By October 15, 2019No Comments
Book Review – Everybody’s Fool by Richard Russo
Richard Russo sits pretty much at the apex of American literature. Much beloved, Pulitzer-garlanded and graced with a 20 year history of almost unanimously acclaimed novels of small town America and their hopeful, flawed, damaged and occasionally lovable inhabitants.
 
The precursor to Everybody’s Fool, published in 1993, was titled Nobody’s Fool and introduced the untameable and irascible Sully, a character so memorable that he immediately took his place next the other great and complex men of US letters like Ford’s Frank Bascombe, Bellow’s’ Rabbit Angstrom and Philip Roth’s Nathan Zuckerman and Mickey Sabbath. I have read many of Russo’s other books as well, all cracking with dry wit, wry comment, gentle and sharp-edged humour and the multiple failures and tiny triumphs of an unheralded America. Reading his previous books was always a deep pleasure – wide casts of unusual characters, rope-tangled plots and an an unstinting ear for broken rhythms and slightly dissonant melodies of American dialogue writ small.

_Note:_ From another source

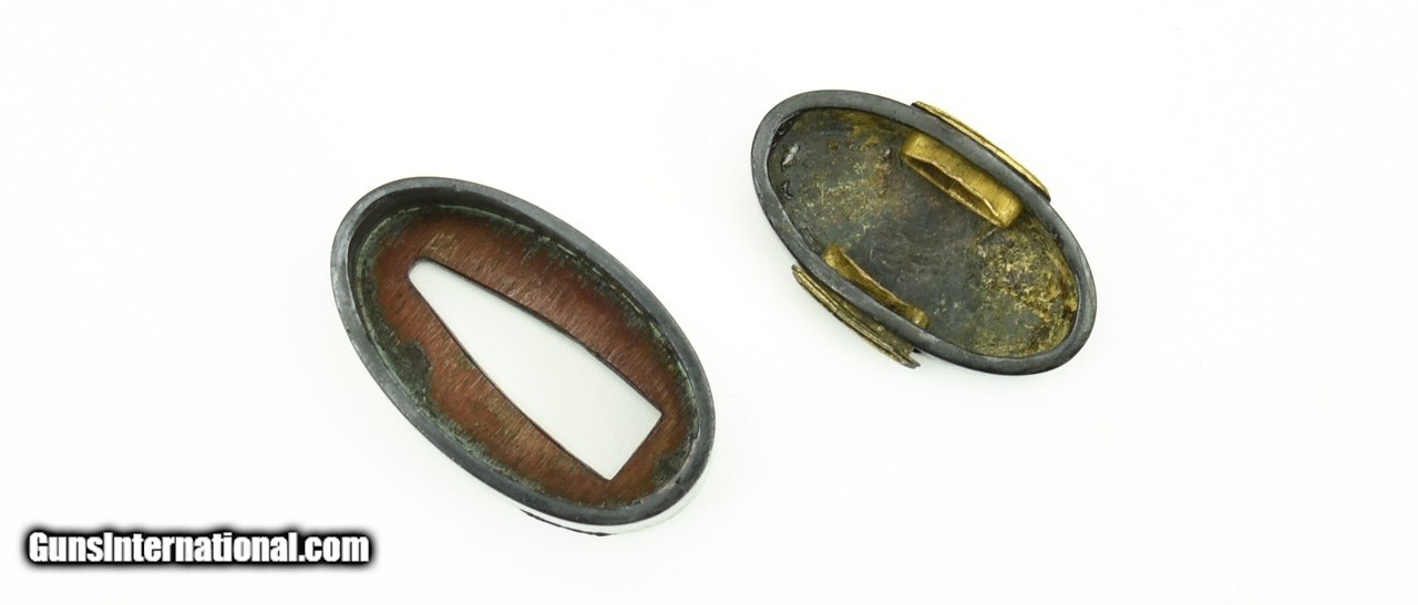 Description: "Kinko Fuchi Kashira. Shakudo set with young pine trees in mists in gold Hirazogan. Signed: Naga Saka. Kashira has small depression. SOLD |

But Everybody’s Fool is a mixed bag. So a quick setup, and then what I believe to be its successes and failures.
 
The anti-hero of the previous novel, Sully, is relegated to a supporting role in this book. He is now 70, in ill-health and more temperate as he tries to find a way to correct past missteps, to give love another chance and to live out the remainder of his life with some grace.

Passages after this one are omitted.